____ Available records

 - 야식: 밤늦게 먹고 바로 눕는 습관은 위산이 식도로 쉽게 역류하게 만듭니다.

________
____ Available records

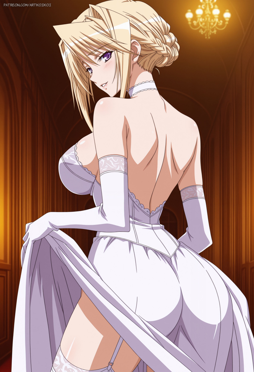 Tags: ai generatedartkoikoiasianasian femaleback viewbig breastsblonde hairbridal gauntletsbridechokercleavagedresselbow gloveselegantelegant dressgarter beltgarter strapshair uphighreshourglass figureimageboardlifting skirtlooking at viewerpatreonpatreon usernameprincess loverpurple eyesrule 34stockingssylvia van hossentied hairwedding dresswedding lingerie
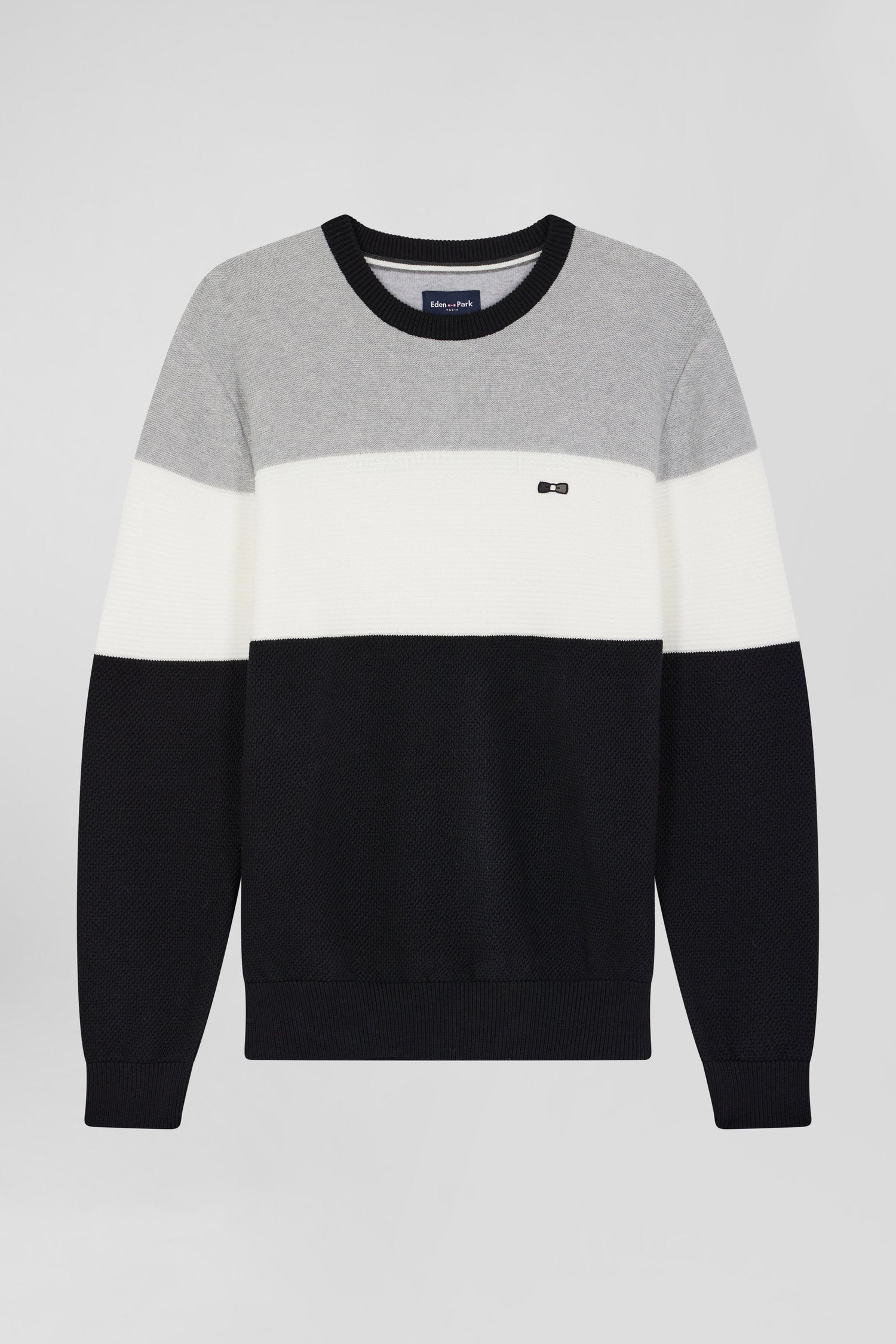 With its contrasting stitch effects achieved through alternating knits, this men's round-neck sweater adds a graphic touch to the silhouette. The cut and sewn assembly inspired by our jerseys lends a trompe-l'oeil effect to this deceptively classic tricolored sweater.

________
____ Available records

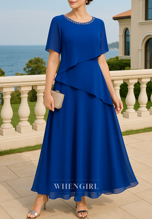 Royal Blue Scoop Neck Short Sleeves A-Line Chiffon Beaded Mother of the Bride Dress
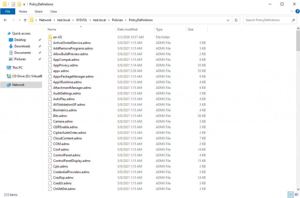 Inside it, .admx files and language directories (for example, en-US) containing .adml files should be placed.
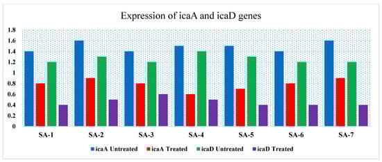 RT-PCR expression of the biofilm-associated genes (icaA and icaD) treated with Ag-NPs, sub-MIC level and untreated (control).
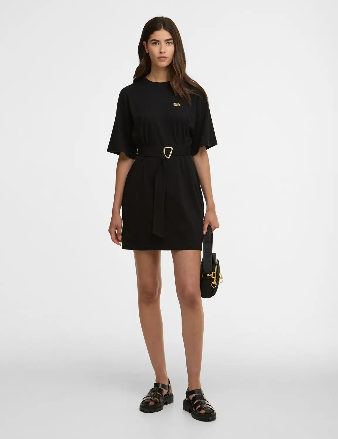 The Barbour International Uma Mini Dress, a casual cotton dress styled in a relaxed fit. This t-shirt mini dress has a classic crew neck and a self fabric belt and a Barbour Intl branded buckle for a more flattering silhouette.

________

__Exercise directions__. A clean copy is needed of the lines in the listing above from the one with "Royal Blue Scoop" through the one with "The Barbour International", exact in every word and free of pictures.

__Result of the task__.
 Royal Blue Scoop Neck Short Sleeves A-Line Chiffon Beaded Mother of the Bride Dress
 Inside it, .admx files and language directories (for example, en-US) containing .adml files should be placed.
 RT-PCR expression of the biofilm-associated genes (icaA and icaD) treated with Ag-NPs, sub-MIC level and untreated (control).
 The Barbour International Uma Mini Dress, a casual cotton dress styled in a relaxed fit. This t-shirt mini dress has a classic crew neck and a self fabric belt and a Barbour Intl branded buckle for a more flattering silhouette.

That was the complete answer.